Karnataka Weights and Measures (Enforcement) Act 1958

Under the law of torts, the Civil Court can award damages if civil wrong of malicious prosecution is proved.

In order to award damages the plaintiff is required to prove that the person who instituted the suit was prosecuted by the defendants in the Criminal Court. But, there is no law under which the Civil Court can award damages if a person is made to suffer civil proceedings.
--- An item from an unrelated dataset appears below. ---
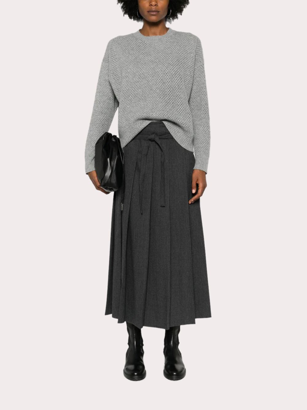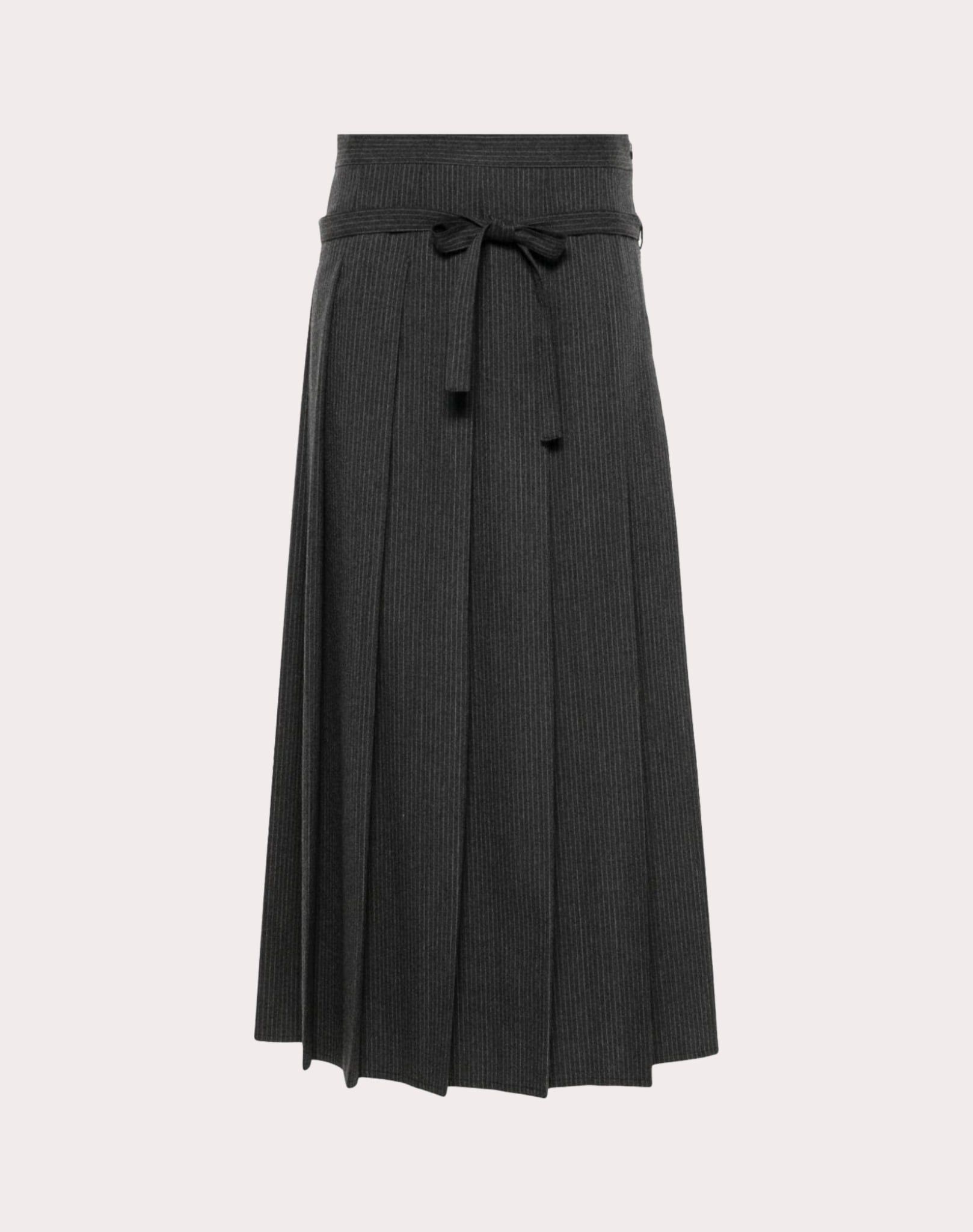 Chân váy dáng dài,toàn thân xếp li màu ghi đậm kẻ trắng,kéo khóa cạnh,hông may ghép đỉa luồn dây cùng màu
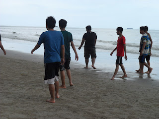Akhirnyaa kita SAMPAI uhuyyy. Waktu nyampe semua udah mencar menuju air masing-masing, gue juga dong, sambil nungguin ikan-ikan dibakar sama Ibu pos nya papah, kita main-main air, bola, kucing-kucingan, foto-foto.. Paginya sebelum berangkat gue heboh bingung sendiri soalnya gue baru inget kalo lensa kamera gue rusak, haduuuh mau pake apa? ckck akhirnya gue pagi-pagi ke rumahnya Elnoe buat pinjem pocket camera nya, untung ada *mengusap peluh*.. Gue udah gak betah main di air, sebenernya sih betah aja tapi mataharinya itu loh puanassss, sunblock aja tembus *nutup muka* akhirnya gue ke pos, tapi gue lupa jalannya -_- dengan sok taunya kita bertiga, gue, adis, ester nembus-nembus jalan, dan kita "kesasar" hahaha ngakak. And finally gue dianter sama om, anak buahnya papah ke pos, gue mandi disana, segerrr gak berasa lengket lagi.. Gue juga udah salin pake baju yang "menutup aurat" hahaha Gue balik lagi ke lokasi temen-temen, mereka semua udah mulai ambil makan, gue juga ikutan makan, beuh sadap banget, ada nila bakar, peda bakar, ayam bakar, sama kepiting asam manis slurppp udah kayak di restoran aja. Kita makan sampai selesai. Habis makan ternyata si cowo-cowo masih betah main-main di air, karna gue sama adis udah ganti baju, kita cuma foto-foto aja dipinggir pantai sama Ikrima juga, oya Ikrima punya sebutan baru loh "bule" soalnya dia doang yg nggk nyemplung ke pantai, sama dia juga yg paling putih ahaha

(2001) ILR(Karnataka) 3816 : (2001) 5 KantLJ 453 : (2001) 4 KCCR 2755

KARNATAKA HIGH COURT

SINGLE BENCH

( Before : Chandrashekaraiah, J )

THE CONTROLLER OF WEIGHTS AND MEASURES, BANGALORE AND OTHERS  Vs. DIESAL (INDIA), BANGALORE

Regular First Appeal No. 400 of 1997

Decided on : 27-02-2001

Civil Procedure Code, 1908 (CPC) – Section 80, Section 9

Counsel for Appearing Parties

Sri Mohammed Athar, Additional Government Advocate, for the Appellant; Sri S.V. Shastri, for the Respondent

JUDGMENT

The Court

1. This appeal is by the defendants challenging the judgment and decree dated 29-8-1996 passed in O.S. No. 1741 of 1997 on the file of the II Additional City Civil Judge, Bangalore. The parties in this appeal are referred to as arrayed in the Trial Court.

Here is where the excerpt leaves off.